Not only does the study's findings make the case for life on Titan stronger, they also throw another possibility into the debate on how and where life started on Earth. The prevailing view is that water was critical to that event, but water plays no role in the study, as water is frozen on Titan. So, if Titan's atmosphere-- except for the temperature, which might be a major factor-- is similar to early Earth's, and if the basics of life are created in Titan's upper atmosphere without water, then it's possible life on Earth did not, in fact, require water to get started. That, as they say, would be a game changer.

Friday, October 8, 2010

Water In Asteroids

A second asteroid, 65 Cybele, has been found to contain both water and organic molecules. A view is emerging in the scientific community that water may be common on asteroids. If true, it would significantly change how we see the Solar System. First, it would further blur the line between comets and asteroids. If both are small bodies containing volatiles-- water-- the only differences between the two may be location in the Solar System and orbital characteristics.

Second, the discovery that water may be common in asteroids strengthens the theory that water, and possibly life, came to Earth from outside.

Third, if substantial amounts of water are easily accessible throughout the Solar System, exploring and settling space would be much easier.
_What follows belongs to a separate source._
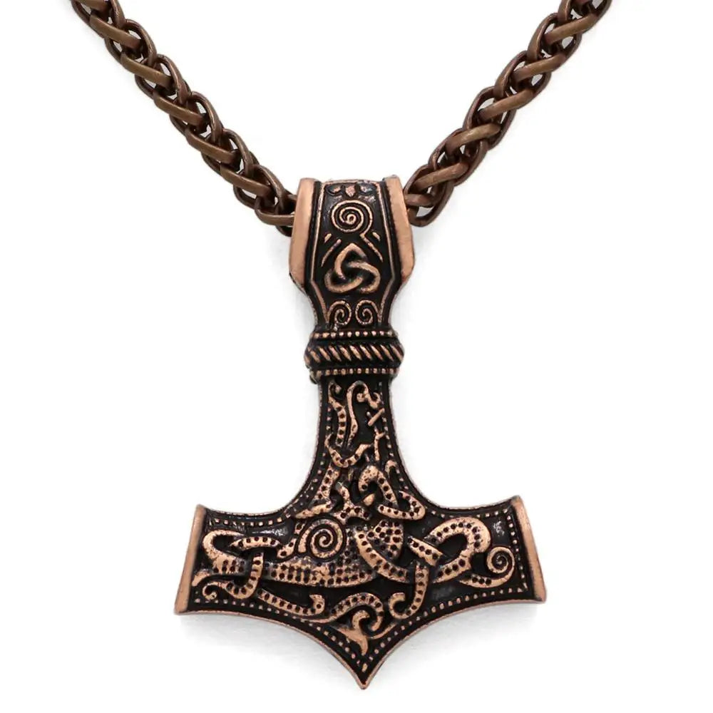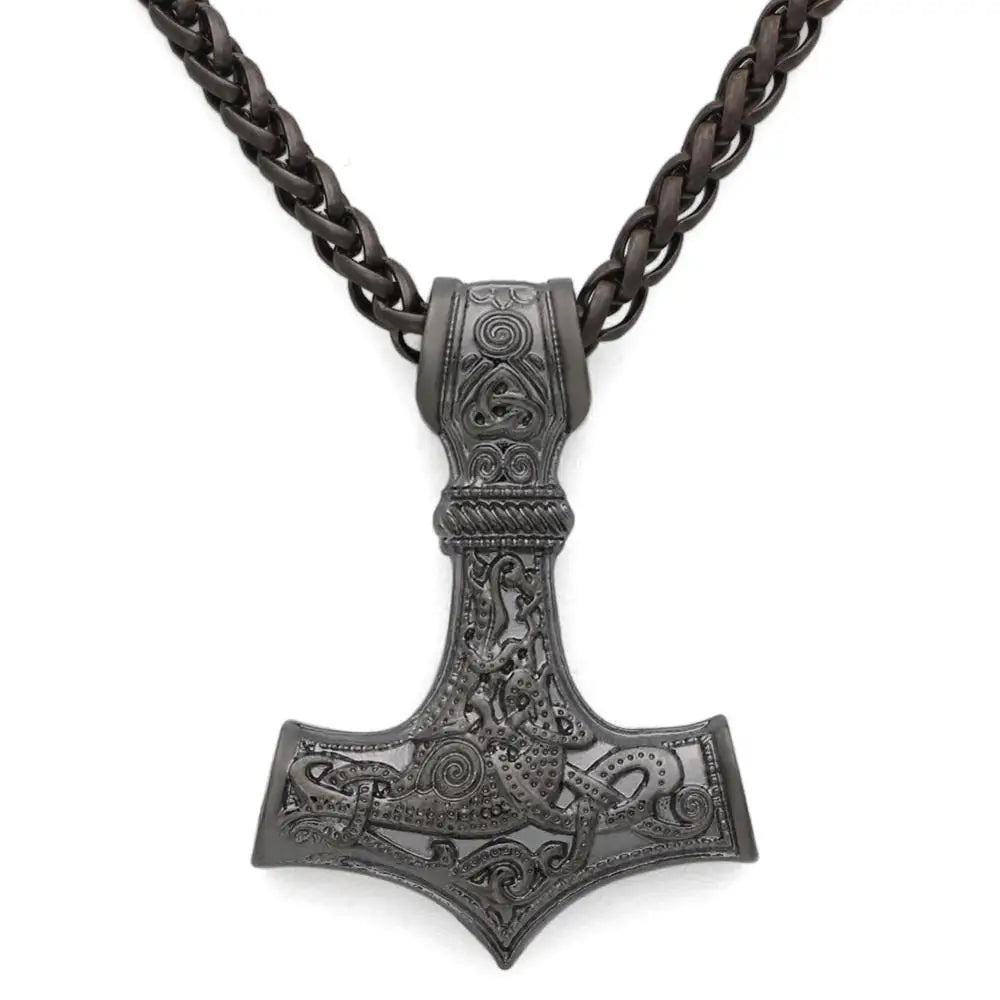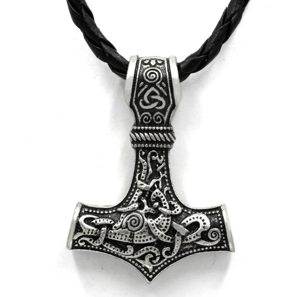 Norse Viking Amulet Necklace – Thor's hammer pendant with Viking runes, perfect for women.

Water could be used as water, or split into its hydrogen and oxygen components and used as rocket fuel, or the oxygen could be used for breathing while hydrogen is used in another way. Water and rock are also good protection against radiation. Eventually, too, asteroids laden with water ice could be moved to where the water was needed. Space could be open to humanity.

Thursday, October 7, 2010

Chemistry On Europa

A new study suggests that Jupiter's moon Europa may support chemical reactions both on its icy surface and below the surface, beyond the reach of sunlight. Scientists have found that water and sulfur dioxide react easily and quickly even in the extreme cold that reigns on Europa. The sulfur involved, in one of Nature's amazing twists, seems to come from the volcanic eruptions on another of Jupiter's moons, the volatile Io.

Scientists believe a huge ocean exists under the Europan ice shell. With complex molecules possibly migrating down into that ocean, and a heat and energy source that keeps the water in the ocean liquid, the case for at least the precursors of life existing on Europa seems to be strengthened by this study. Further, the results of the study do not apply solely to Europa. For example, they could also apply to the other two large moons of Jupiter, Callisto and Ganymede.

Wednesday, October 6, 2010

Explaining Enceladus' Eruptions

A new study of Saturn's intriguing moon Enceladus outlines a possible mechanism to explain the erupting geysers in the moon's southern polar region. Key to the new theory is the presence of a saltwater ocean of flowing liquid beneath the icy shell of the surface that also interacts with a solid core.

The theory is that the ocean is an active, dynamic environment that brings minerals, dust, and gas from the core to the upper levels. Heated, the gas expands and powers the geysers.

Perhaps the most important element of the theory is the fact that a water ocean is critical to its operation. Such an ocean had already been postulated to occupy the interior of Enceladus, but making a saltwater ocean integral to the explanation of an observed phenomenon-- the geysers-- also might suggest a stronger case for the existence of an ocean, though that reasoning, perhaps, cannot be pushed too far. Still, add up a huge, active, water ocean with access to various minerals, an energy source, and the established existence of organic compounds, and a case for possible life inside Enceladus is likely strengthened.

Tuesday, October 5, 2010

More Seed Money

NASA has announced a second round of monetary awards to private industry. The point of the awards is to encourage the development of specific technologies necessary to establish a commercial manned spaceflight capabiity, which is in line with President Obama's policy to foster such a capability.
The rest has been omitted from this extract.